--- START ---
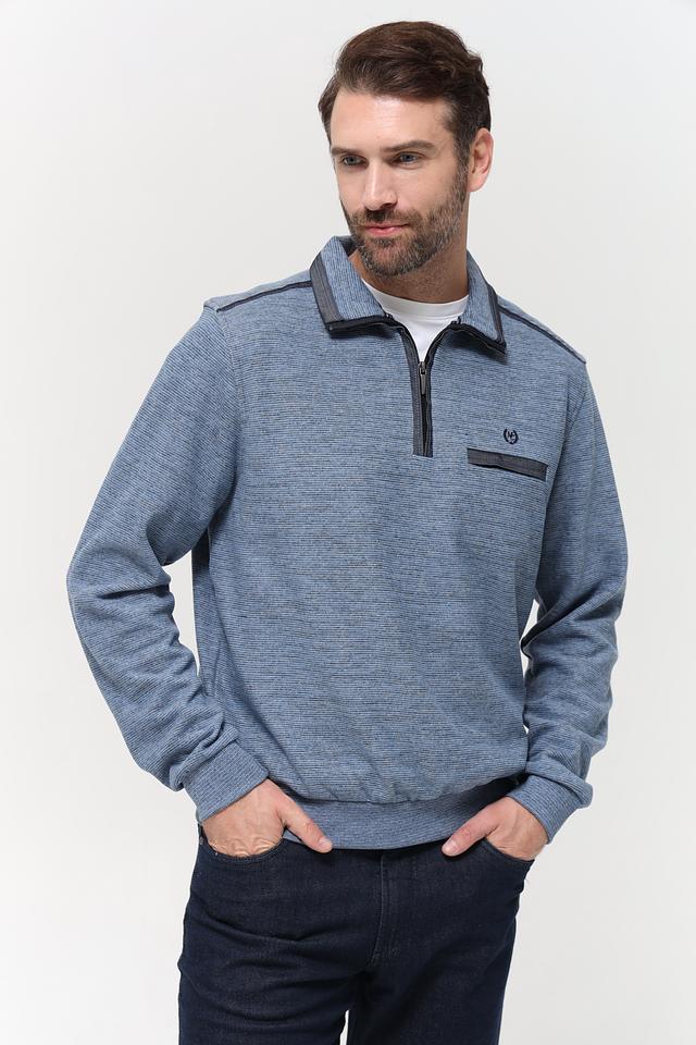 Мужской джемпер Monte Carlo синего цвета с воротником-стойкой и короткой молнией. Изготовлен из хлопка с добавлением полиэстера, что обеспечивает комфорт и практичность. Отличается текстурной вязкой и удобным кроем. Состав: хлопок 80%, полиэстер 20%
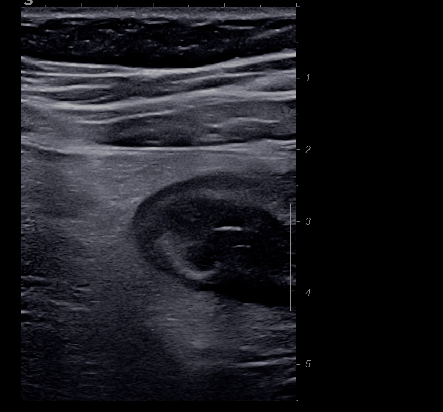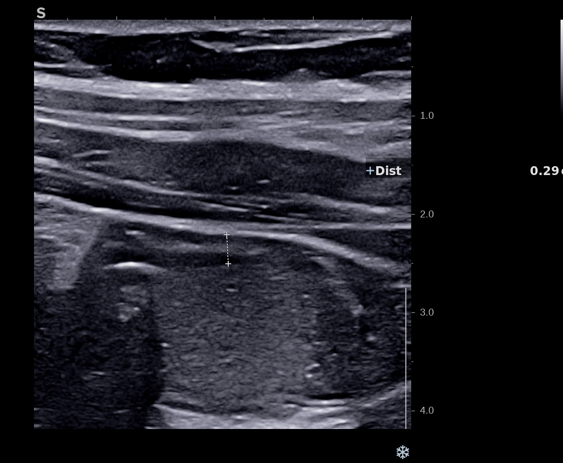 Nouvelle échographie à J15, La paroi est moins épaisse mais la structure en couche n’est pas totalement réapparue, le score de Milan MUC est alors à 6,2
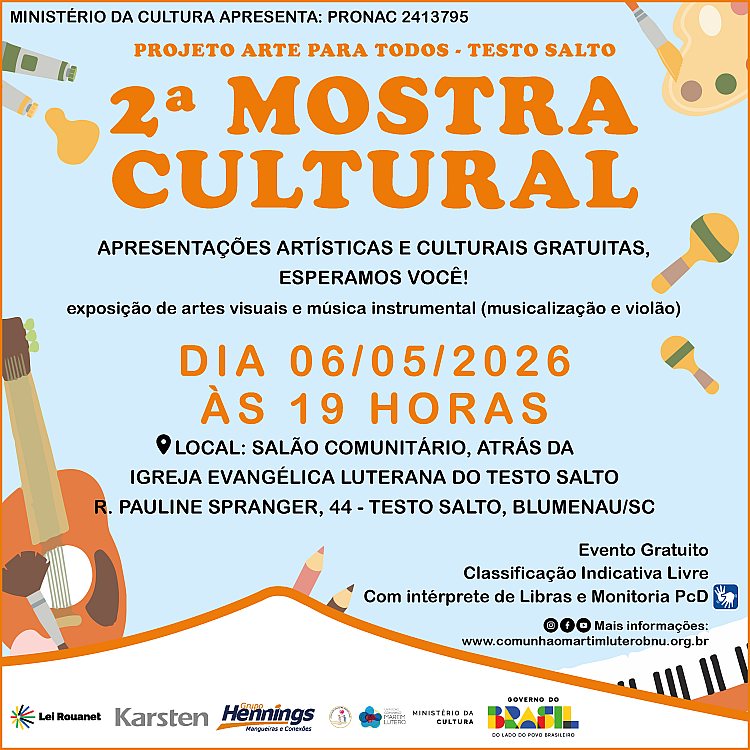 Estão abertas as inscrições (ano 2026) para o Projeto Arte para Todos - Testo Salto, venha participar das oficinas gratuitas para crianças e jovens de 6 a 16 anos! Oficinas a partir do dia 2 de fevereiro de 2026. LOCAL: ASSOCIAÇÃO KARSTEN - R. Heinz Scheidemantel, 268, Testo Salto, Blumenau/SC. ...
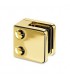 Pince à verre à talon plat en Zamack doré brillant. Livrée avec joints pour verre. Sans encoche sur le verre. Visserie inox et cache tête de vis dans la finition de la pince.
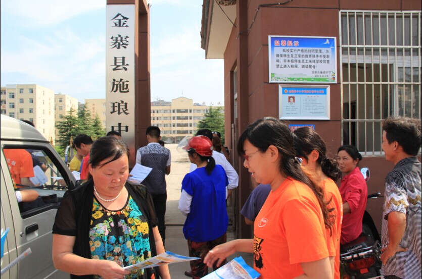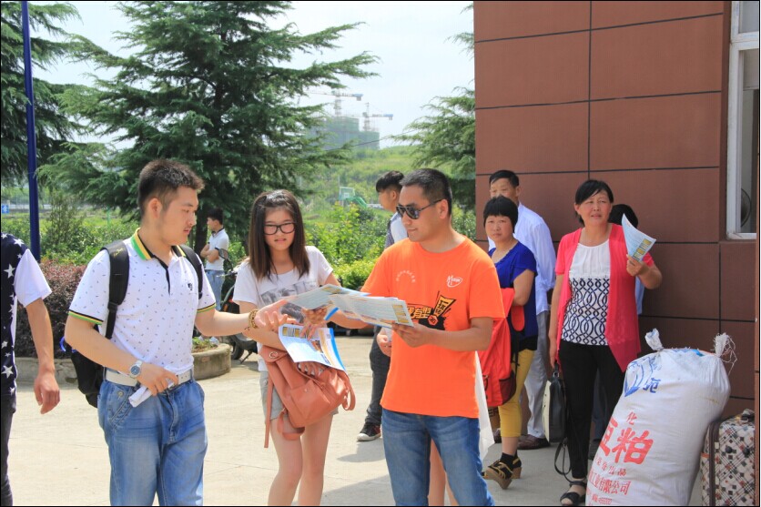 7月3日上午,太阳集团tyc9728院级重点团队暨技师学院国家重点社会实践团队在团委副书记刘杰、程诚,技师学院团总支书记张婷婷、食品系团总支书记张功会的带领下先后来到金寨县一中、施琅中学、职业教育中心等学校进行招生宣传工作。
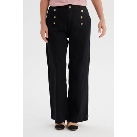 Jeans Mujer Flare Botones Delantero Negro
--- END ---
--- START ---
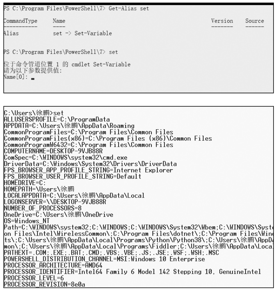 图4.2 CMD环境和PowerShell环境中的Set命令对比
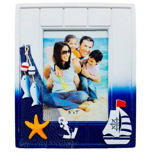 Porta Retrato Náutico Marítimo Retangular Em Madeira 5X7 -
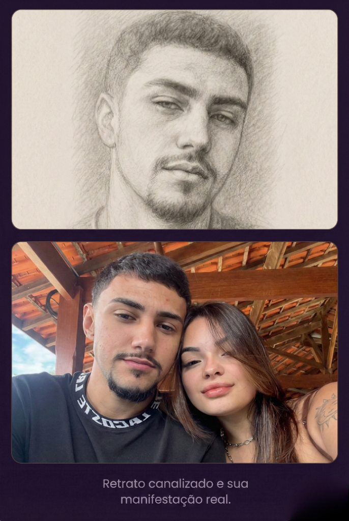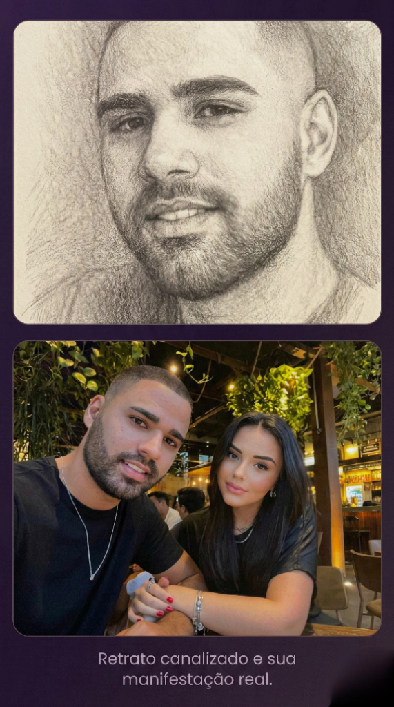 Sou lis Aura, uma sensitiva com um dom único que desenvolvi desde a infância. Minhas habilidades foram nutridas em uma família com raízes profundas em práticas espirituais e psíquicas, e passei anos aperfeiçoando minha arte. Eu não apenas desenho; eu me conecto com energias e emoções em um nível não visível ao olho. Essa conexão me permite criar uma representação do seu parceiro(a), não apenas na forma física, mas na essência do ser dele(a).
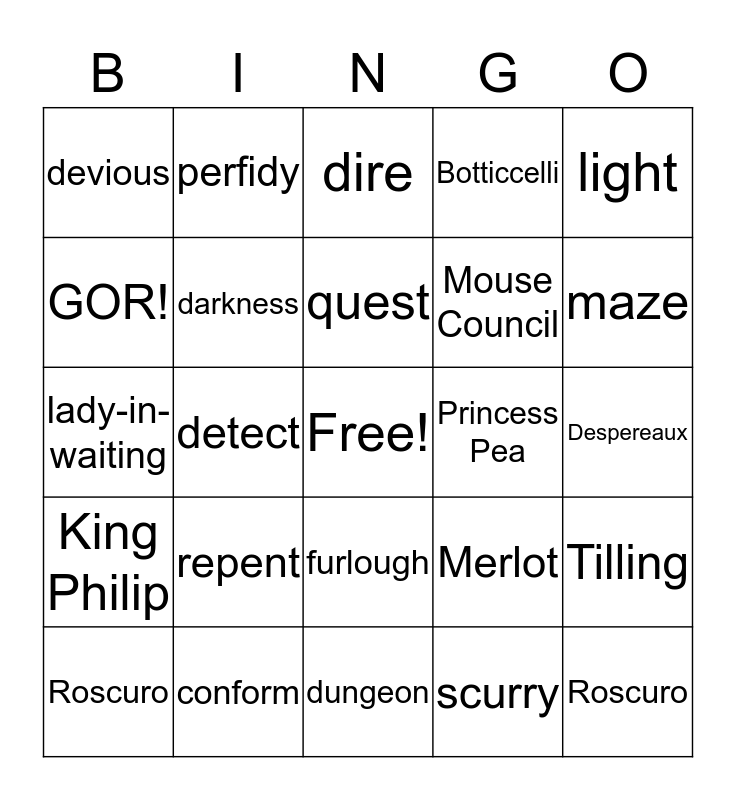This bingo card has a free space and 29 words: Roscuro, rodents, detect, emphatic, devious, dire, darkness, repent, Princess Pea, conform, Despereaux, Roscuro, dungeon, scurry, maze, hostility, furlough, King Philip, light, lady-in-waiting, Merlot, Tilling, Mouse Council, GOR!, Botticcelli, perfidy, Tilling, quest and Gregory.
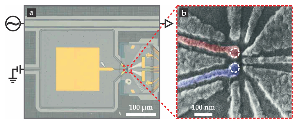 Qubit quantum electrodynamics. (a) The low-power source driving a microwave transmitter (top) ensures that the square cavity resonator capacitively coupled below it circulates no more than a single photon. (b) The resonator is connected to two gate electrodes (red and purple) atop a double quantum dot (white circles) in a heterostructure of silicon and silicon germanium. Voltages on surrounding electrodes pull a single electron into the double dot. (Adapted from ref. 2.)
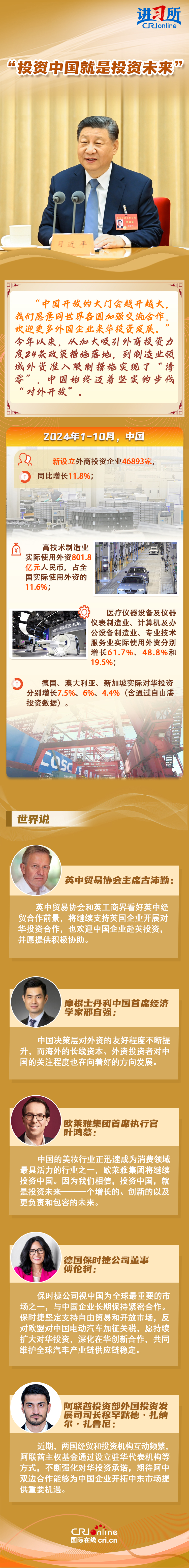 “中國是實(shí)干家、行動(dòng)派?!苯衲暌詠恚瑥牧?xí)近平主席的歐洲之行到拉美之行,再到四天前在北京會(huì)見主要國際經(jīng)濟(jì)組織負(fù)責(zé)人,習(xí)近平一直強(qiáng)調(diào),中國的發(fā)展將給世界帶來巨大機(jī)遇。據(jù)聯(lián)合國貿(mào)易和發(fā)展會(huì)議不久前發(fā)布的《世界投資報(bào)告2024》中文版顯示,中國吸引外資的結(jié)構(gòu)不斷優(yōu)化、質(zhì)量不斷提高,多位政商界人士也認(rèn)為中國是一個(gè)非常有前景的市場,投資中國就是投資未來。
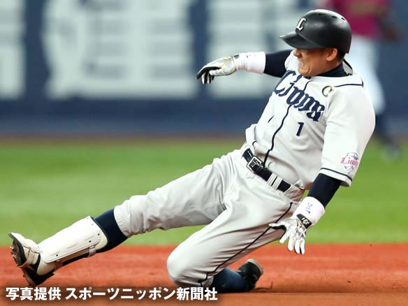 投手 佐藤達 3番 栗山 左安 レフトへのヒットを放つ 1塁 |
--- END ---
--- START ---
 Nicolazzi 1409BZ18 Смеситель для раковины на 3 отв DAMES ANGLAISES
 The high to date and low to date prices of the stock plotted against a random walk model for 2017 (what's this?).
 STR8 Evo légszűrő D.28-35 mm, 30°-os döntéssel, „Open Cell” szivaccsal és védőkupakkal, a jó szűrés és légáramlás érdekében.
--- END ---
WHAT TO DO → Pictures are to be left out. Write out only the lines above starting at the one with "Мужской джемпер Monte" and ending at the one with "Jeans Mujer Flare Botones Delantero Negro", both lines included, exactly.

RESULT FOR THIS EXERCISE →
 Мужской джемпер Monte Carlo синего цвета с воротником-стойкой и короткой молнией. Изготовлен из хлопка с добавлением полиэстера, что обеспечивает комфорт и практичность. Отличается текстурной вязкой и удобным кроем. Состав: хлопок 80%, полиэстер 20%
 Nouvelle échographie à J15, La paroi est moins épaisse mais la structure en couche n’est pas totalement réapparue, le score de Milan MUC est alors à 6,2
 Estão abertas as inscrições (ano 2026) para o Projeto Arte para Todos - Testo Salto, venha participar das oficinas gratuitas para crianças e jovens de 6 a 16 anos! Oficinas a partir do dia 2 de fevereiro de 2026. LOCAL: ASSOCIAÇÃO KARSTEN - R. Heinz Scheidemantel, 268, Testo Salto, Blumenau/SC. ...
 Pince à verre à talon plat en Zamack doré brillant. Livrée avec joints pour verre. Sans encoche sur le verre. Visserie inox et cache tête de vis dans la finition de la pince.
 7月3日上午,太阳集团tyc9728院级重点团队暨技师学院国家重点社会实践团队在团委副书记刘杰、程诚,技师学院团总支书记张婷婷、食品系团总支书记张功会的带领下先后来到金寨县一中、施琅中学、职业教育中心等学校进行招生宣传工作。
 Jeans Mujer Flare Botones Delantero Negro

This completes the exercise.